Rights of the Patients According to HIPAA

According to HIPAA, a patient can see and receive copies of their medical and other health records upon request. It provides the individuals with necessary information concerning the state of their health and to be aware of the decisions made by the doctors. Due to modern technologies, patients can access the records electronically. The information can also be received by an individual’s representative, although in any case the person’s identity should be confirmed.

Individuals have a right to see and receive a “designated recorded set”, which includes different groups of documents, 30 days after the request. First, these are billing records and medical records concerning the patients. Second, the set includes the information on enrollment, payment, claims, as well as medical management and case record systems maintained by or for a health plan. Third, it includes the records that are used to “make decisions about any individuals”. It does not matter whether the information was used to make a decision upon providing access to a particular person or not.

In general, the information that can be obtained by individuals upon request includes a wide range of data. For example, patients can receive their medical records, clinical test results, and medical images, such as X-rays. They also can request clinical case notes, wellness and disease management program files, insurance information, and all information that was used for making decisions concerning the patient. However, the medical entity does not have to provide additional information which did not exist before the request such as explanatory materials or analyses.
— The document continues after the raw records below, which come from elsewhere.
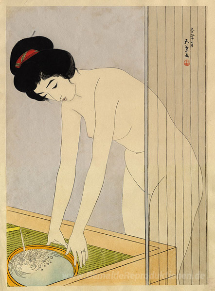 Wir bieten Ihnen eine handgefertigte Reproduktion auf Leinwand des berühmten Kunstwerks 'Frau waschen ihr Gesicht' von Goyo Hashiguchi, aus dem Reproduktionsmuseum.
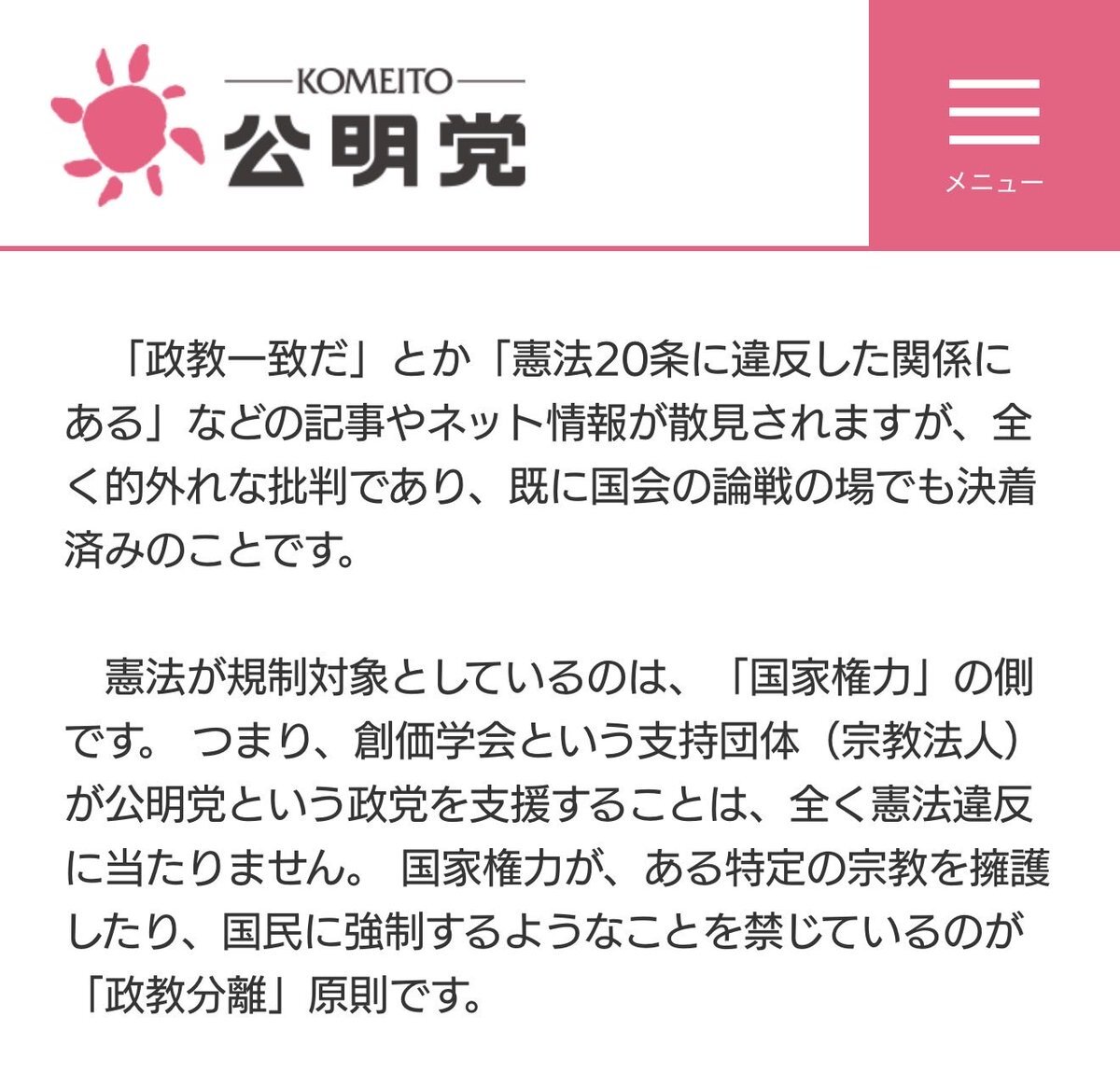 こんなこと言ってるのに、家庭連合の解散命令には全くコメントを出さない公明党はどうかなってるわ。 国が家庭連合の信者になれ!と一度も聞いたことないぞ。 公明党は宗教団体が支持する政党なら、解散命令について、一番声を上げるべきでしょ?
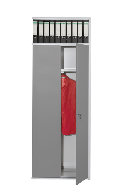 - Hutablage aus Stahlblech, pulverbeschichtet, Farbe Lichtgrau RAL 7035.

Individuals do not have access to the information that was not used for making a decision upon them. For example, such data can include patient safety activity records, certain quality assessments, or business development and planning records. In general, the information restricted to patients’ access can be divided into two major categories. The first category includes personal notes for the patients’ mental health, which are kept separately from other patients’ records. The second category includes the information that is involved in administrative, criminal, and civil proceedings.